We all come to it (implies McElwee). Great Grandad certainly did. He went bust thanks to the Duke Company, rival baccy-growers who took over the famous brand name ‘Bull Durham.’ McElwee runs the stations of dynastic humiliation like the brave soul he is. The Duke mausoleum is a private cathedral; great grandad’s gravestone is the size of a suitcase. (It has also been nudged out of position by an errant lawnmower). A yapping dog ruins a scene of genealogical stocktaking. A home movie clip of Ross’s late dad, a Presbyterian doctor, puzzles him because dad is wearing a yarmulka. And when the director-narrator visits the widow of the author who wrote BRIGHT LEAF’s source novel, she says her ex-spouse didn’t base the character on John Howard McElwee at all. Never heard of him.

In short he’s done it again. McElwee has fashioned another cracker from a quidnunc. A dry, droll, exquisitely sidelong film, formed from the ruins or rearrangements of a personal spiritual scrapbook. (His divagations on tobacco itself, its joy and its misery, are the best since Thomas Mann). In short, all independent distributors, rush now.

I award the film the Harlan d’Or for Best Unexpected Treat When One Most Needed One. Other special Harlans for fringe flix go to the Franco-Belge animation feature LES TRIPELETTES DE BELLEVILLE (comic-gothic cartoonery like Ronald Searle grafted onto Daumier), the scarily enlightening and brilliantly composed Pol Pot documentary S21: THE KHMER ROUGE KILLING MACHINE (from Cambodia’s Rithy Panh) and the hauntingly thoughtful Chinese movie DRIFTERS. This last is all about the dangerous art of stowing away to America and then being bundled back to Beijing. Do you bow to fate or do it again? And what of the little tug-of-war son you sired stateside who is now a US citizen? Very touching. Directed by Wang Xiaoshuai of BEIJING BICYCLE.

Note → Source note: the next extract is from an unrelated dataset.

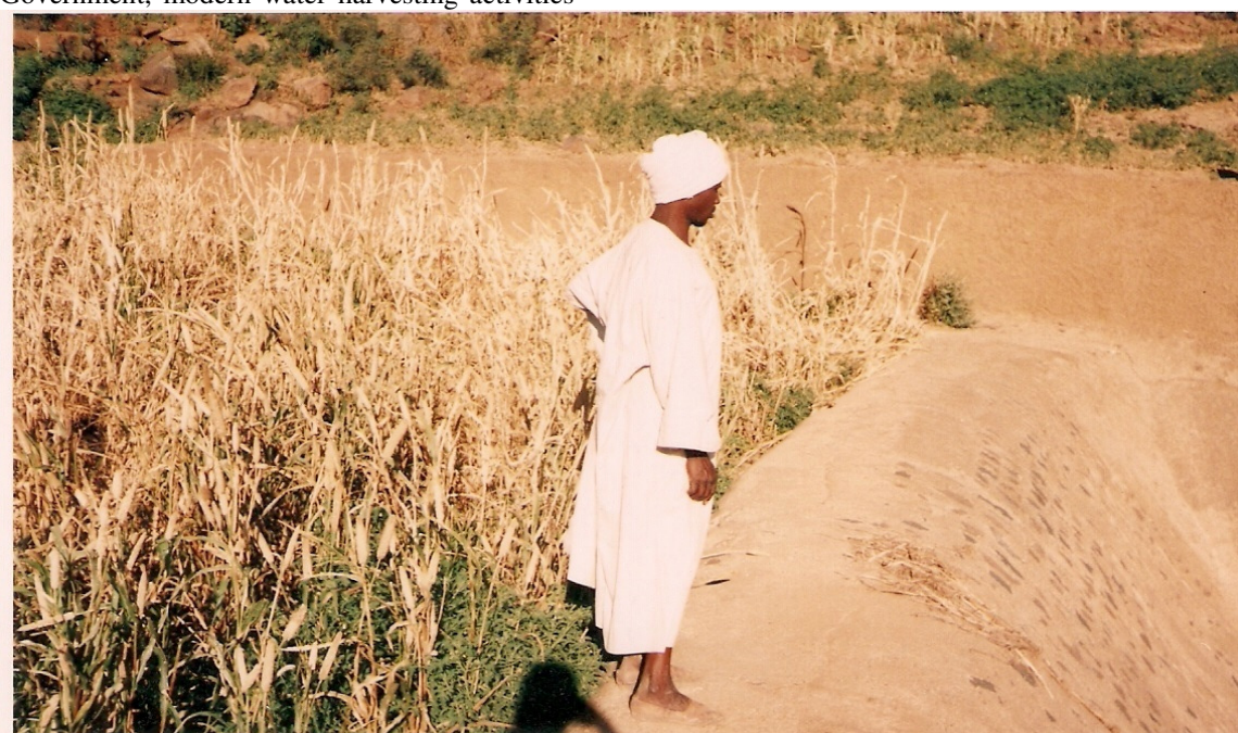
The man is standing on the Golo dam, and the storage area was silted completely and cultivated by Millet (2001)

During a visit to the area in 2001, the dams at Golo, Tur and Shawfugu sites were considerably silted up after a few years (as the natives said). Because they were built without gates to pass the eroded materials (see the photo).

Back in the competition, host nation France presented the worst bunch of native movies in living memory. And six of them in a field of twenty! Francois Ozon’s SWIMMING POOL stood out for its medium-stylish mystery tale starring the super-stylish Charlotte Rampling and flavour-of-the-year French crumpet Ludivine Sagnier. But at the other extreme Bertrand Blier’s abysmal LES COTELETES (Philippe Noiret and Michel Bouquet as randy old men in a stage-based slice of boulevard absurdism) knocked THE BROWN BUNNY off the chart for volume and duration of curtaintime booing at the Salle Debussy critics show.

Never mind. We still love Cannes. What other country offers us twelve days in the sun with no supplementary charge on gossip, scandal, scuttlebut, movies, media frenzy and all the things that make life worth living in Old Europe.  And an ever-so-comfortable new press club honouring Jean Cocteau and his country villa at Milly-La-Foret.  Bird song! Dog barking! Photo montages! Fleurs d’artifice! As Golden Palm winner Gus Van Sant said at the end of his acceptance speech, “Vive la France.” We who love it have loved it long. And filmfolk, like elephants, never forget.